— Нам еще повезло с этой машиной. — Он ласково провел рукой по приборному щитку. — Не говоря уж о бензине из антверпенского резерва. Во Франции перед войной было три миллиона машин, а сейчас, согласно нашим прикидкам, осталось всего тридцать тысяч.
Париж образца 1945 года напомнил Алану немолодую красотку, едва начавшую оправляться после нападения насильника. «Пежо» пришлось замедлить ход на одном из бульваров, поскольку собравшаяся там уличная толпа выволокла из домов шесть девиц, каждой из которых не было и двадцати. Добродетельные матроны крепко держали девиц, пока их мужья наголо выбривали им головы. Одна из них жалобно посмотрела на Алана; при голом черепе ее испуганные глаза казались еще больше и ярче.
— Коллаборационистки, — сказал Элио. — А может быть, это просто разбойничают спекулянты с черного рынка. В наши дни ничего не знаешь наверняка.

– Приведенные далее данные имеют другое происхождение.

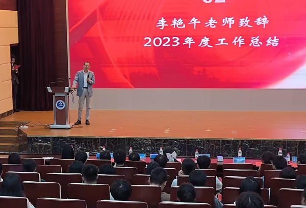 然后,李艳午代表数学建模教练组对我校2023年度数学建模工作进行了总结。梳理了本年度的参赛情况,总结了所取得的成绩;全面分析了教练组成员自身的能力瓶颈、学生队员的动手能力欠缺、我校与省内外同类院校的差距等方面的问题;结合自身二十余年数学建模竞赛的亲身经历,谈了自己对数学建模的感悟,勉励在场同学保持初心坚持热爱,以无畏的勇气在数学建模领域逐梦前行。
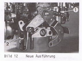 eingestellt mit einer Fühllehre oder einem Bohrerschaft . Die Öffnung ermöglicht das Anspringen und den einwandfreien Durchlauf der noch kalten Motors nach dem Kaltstart. Die Einstellung erfolgt hier an der Einstellschraube oder an einer Übertragungsstange mit Kontermuttern oder durch verbiegen der Übertragungsstange. ca. 3 - 5 mm Das richtige Maß steht auf dem betreffendem Kennblatt. |
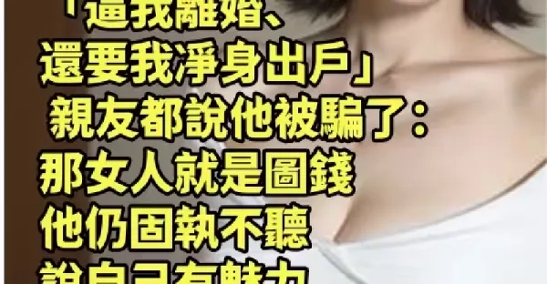 老公近60歲出軌36歲女,嫌棄我是老媽子!自稱找到真愛「逼我離婚、還要我凈身出戶」 親友都說他被騙了:那女人就是圖錢,他仍固執不聽,說自己有魅力,太寒心了「我心生一計...」不會讓他得逞!
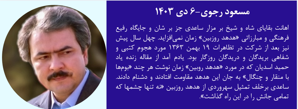 اهانت بقایای شاه و شیخ بر مزار ساعدی جز بر شأن و جایگاه رفیع فرهنگی و مبارزاتی «هدهد روزبین» زمان نمیافزاید. چهل سال پیش نیز بعد از شرکت در تظاهرات ۱۹ بهمن ۱۳۶۳ مورد هجوم کتبی و شفاهی بریدگان و دریدگان روزگار بود. یادم آمد از مقاله زنده یاد حمید اسدیان که در مورد «هدهد روزبین» زمان نوشت هر چند «بومها با منقار و چنگال» به جان این هدهد مقاومت افتادند و دشنام دادند، ساعدی برخلاف تمثیل سهروردی از هدهد روزبین «نهتنها چشمها که تمامی جانش را در این راه گذاشت».
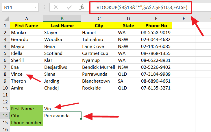 =VLOOKUP($B$13&"*", $A$2:$E$10, 3, FALSE)In this formula, if B13 contains "Vin", the function will search for any value that starts with "Vin" and return the corresponding data.

Велосипеды и грузовики расступились, как библейские воды Красного моря, когда Элио въехал на Пляс де ля Конкорд. Он запарковал машину и указал Алану на стилизованный под «арт нуво» вход в метрополитен.
— Все еще играешь со мной втемную, — заметил Алан.
— Нам предстоит встреча с Этторе Бугатти. — Они стояли сейчас на платформе метро. Элио перехватил вопрошающий взгляд Алана. — Да, человек, создающий эти машины. Точнее говоря, создававший. Но, возможно, он будет создавать их вновь.
Алан уже сталкивался с чем-то похожим в Лондоне. Люди превратились в кротов, они спешили зарыться в землю, по-прежнему считая небо источником смертельной опасности. Они с Элио проехали несколько остановок. Элио выглянул в окно вагона.
— А вот и он.
Элио указал на высокого мужчину в котелке.
Пальто с медными пуговицами выделяло Бугатти из толпы. Широко раскинув руки, он обнял Элио, как медведь медвежонка. Но, собственно говоря, это объятие было не столь уж радушным. Скорее, можно было предположить давнишнюю и лишь частично преодоленную размолвку между двумя мужчинами. Но и такое после войны бывает сплошь и рядом, — подумал Алан. Люди возненавидели друг друга, причем порой — втайне.
Алан попытался представить себе улыбку на лице Бугатти — и ему это не удалось. Огромный, величественный и властный человек, он оплакивал потерю, столь же величественную.
Ла, монсиньор Эшер, нацисты захватили мой завод в Альзаке и начали делать на нем торпеды. Нет, судебное решение по моему имуществу еще отсутствует. Бугатти еще сильнее насупился. Даже Элио не оставила безучастным его тревога.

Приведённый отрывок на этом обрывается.